- Artist: Keith Haring
- Year: 1984
- Movement: Pop art
- Condition: Restored
- Location: Collingwood, Melbourne
- Website: melbourneharingmural.com.au

= Keith Haring Mural =

Mural by Keith Haring in Melbourne, Australia

The Keith Haring Mural is a mural created in 1984 by American artist Keith Haring. Located in Collingwood, Melbourne, the mural was added to the Victorian Heritage Register in 2004 for its historical, aesthetic and social significance to the State of Victoria.

== History ==
In 1978, Keith Haring moved to New York from Kutztown, Pennsylvania to attend the School of Visual Arts. In the early 1980s, he gained recognition for his chalk graffiti drawings in the New York City Subway, which led to him receiving exhibitions at art galleries. By the mid-1980s, his star was on the rise internationally. Haring's art was featured on the cover of Vanity Fair, he designed motifs for Madonna's outfits, and he was painting public works in cities around the world.

In 1984, John Buckley, inaugural director of the Australian Centre for Contemporary Art, invited Haring to spend three weeks in Australia. Haring's visit, which lasted from February 18 to March 9, 1984, was financially assisted by a grant from the Visual Board of the Australia Council.

During his stay in Australia, Haring participated in various public art events. He executed several body paintings during the Fashion Design Council's Moomba event "An Hour of High Velocity Fashion." He painted two ephemeral murals, one on the waterwall of the National Gallery of Victoria and the other one at the Art Gallery of New South Wales. He also created a permanent mural on the wall of the Collingwood Technical College in Melbourne. The school closed in 1987 when it amalgamated with the Preston College of TAFE. It is now known as Collingwood Yards.

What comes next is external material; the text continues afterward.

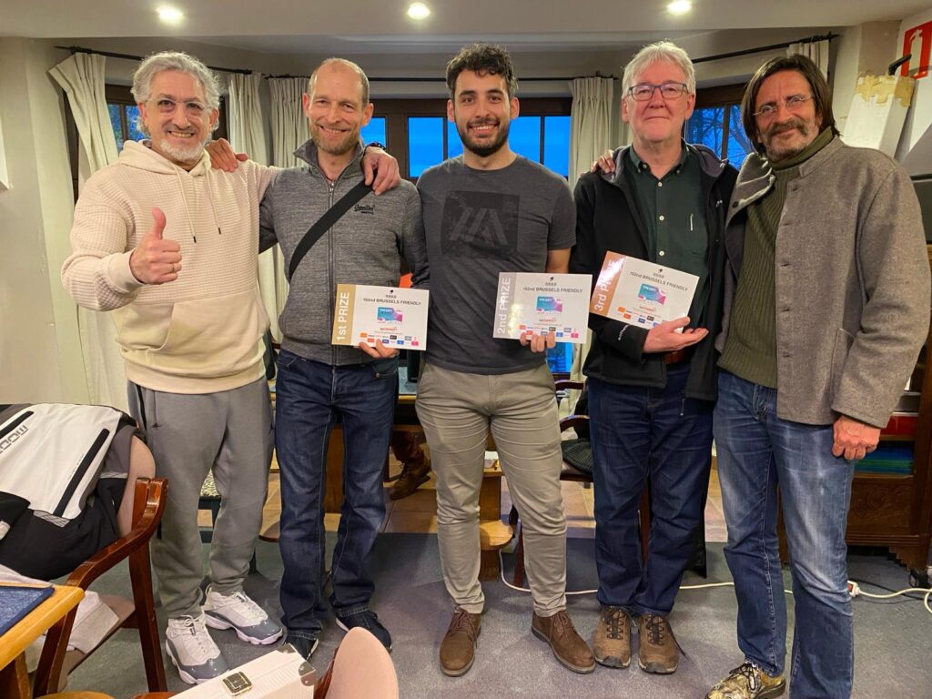 The 4 Cubes 2023 final team from Brussels proudly showing the 4 trophy after their victory in the Sandeman in Ghent: Kristoffer, Ithzak, Paulus, Guy and Paul. (Photo GVdS) We invite you to join us for the presentation of the 4 Cubes at the weekly Brussels evening, hosted at the ‘Black Beard’ (Lakensestraat 166 Rue de Laeken, 1000 Brussels) on Thursday, November 2nd, at approximately 6:15 PM. We look forward to seeing you there.
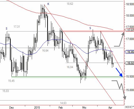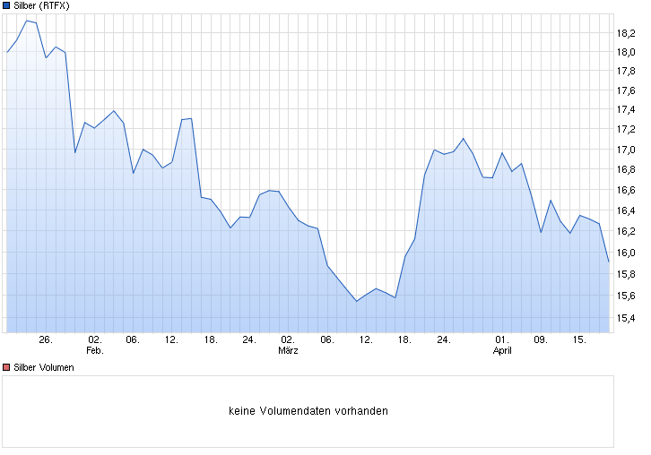 "Nach dem Rückgang bis November fand der Silberpreis um 15,40 US-Dollar einen Boden, den er in den letzten Monaten bereits mehrfach bestätigte. Nachdem ein erster Anstieg bis 17,31 US-Dollar führte, folgte ein zweiter Versuch bis an die höher liegenden Widerstände um 18,50 US-Dollar, doch beim bislang letzten Anstieg kam der Silberpreis erneut nicht über den Bereich von 17,30 bis 17,40 US-Dollar hinaus. Wie schon Mitte März sollte, wenn die Notierungen in den nächsten Tagen weiter zur Schwäche neigen, der Bereich um 15,40 bis 15,50 US-Dollar als Unterstützung halten. Von hier aus kann die Umkehr zu einem erneut steigenden Silberpreis folgen, dessen erstes Ziel an den oben beschriebenen Widerständen liegt, wo sich auch die 200-Tage-Linie bei aktuell 17,30 US-Dollar bewegt, ehe an das aktuelle Jahreshoch bei 18,48 US-Dollar gedacht werden kann. Unterschreitet das Edelmetall die Unterstützungen um 15,40 US-Dollar, können tiefere Anlaufstellen bei 15,03 und 14,12 US-Dollar liegen.....""

The yellow background of the Collingwood mural was painted by students of the Collingwood Technical College on March 5, 1984. The next day, Keith Haring painted the red and green figures.

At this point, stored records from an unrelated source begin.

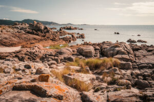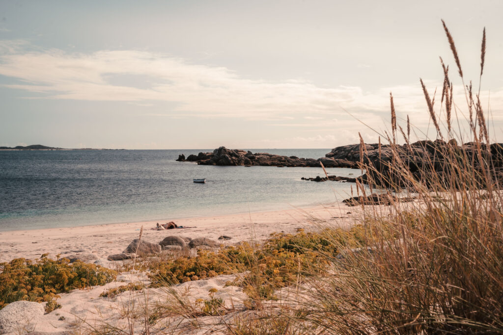 Mijn kampeerplek voor de nacht is aan de noordzijde van de baai van Carnota, bij Praia da Insuela. Deze afgelegen locatie biedt een fantastisch panoramisch uitzicht over de wijde baai. Het is werkelijk de ideale plek om te kamperen: verborgen en kalm, maar ook wondermooi. De helderheid van het water, de rustige omgeving en de afgelegen baaitjes in de buurt zorgen voor een paradijselijk gevoel. Die avond ervaar ik, in het bijzijn van medekampeerders, een magisch spektakel van vallende sterren, terwijl de aarde door de Perseïden-meteorenzwerm trekt. Dit voelt magisch.
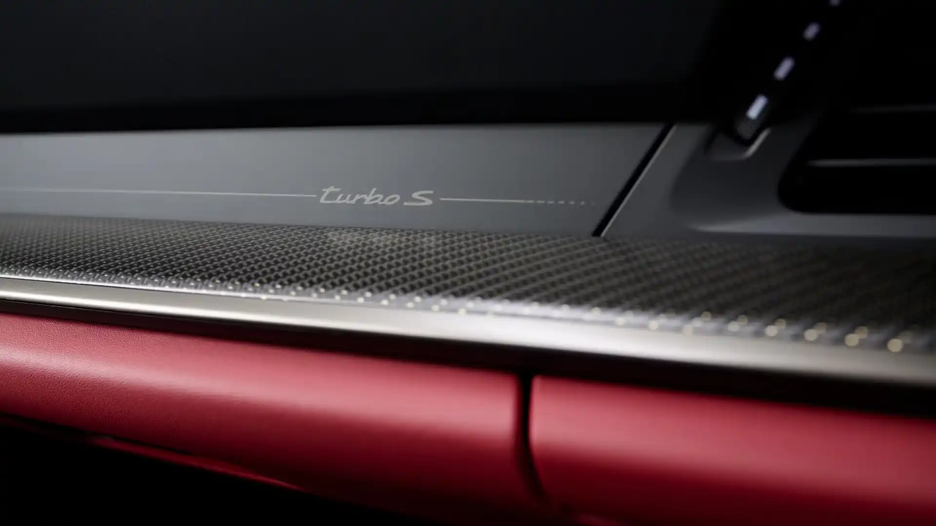 The Turbonite finish appears on the badging, wheel center locks, and “Turbo S” lettering, as well as on the slats of the engine grille and window surrounds, offering a subtle nod for enthusiasts. Inside, the treatment continues on details like the instrument cluster and Sport Chrono stopwatch, tying the theme together.
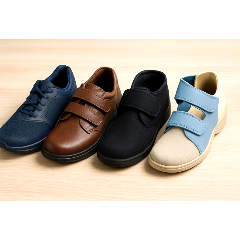 Chaussures conçues pour les personnes en rééducation. Ils comportent souvent des raidisseurs spéciaux, des attaches réglables et des semelles à répartition de pression qui protègent la zone opérée. Ils peuvent être une solution temporaire pendant la convalescence ou un élément permanent de votre garde-robe, selon le type d'intervention chirurgicale.

The Collingwood mural is now one of only 31 known surviving murals across the world by Haring. Haring produced more than 50 public artworks between 1982 and 1989, many were created voluntarily for hospitals, day care centers, and schools. In recognition of its significance, the mural was added to the Victorian Heritage Register in 2004. In 2010, Creative Victoria (then Arts Victoria) took over management of the Collingwood site where the mural is located and initiated a project to conserve the mural. In 2013, Arts Victoria commissioned Italian conservator Antonio Rava to restore the mural.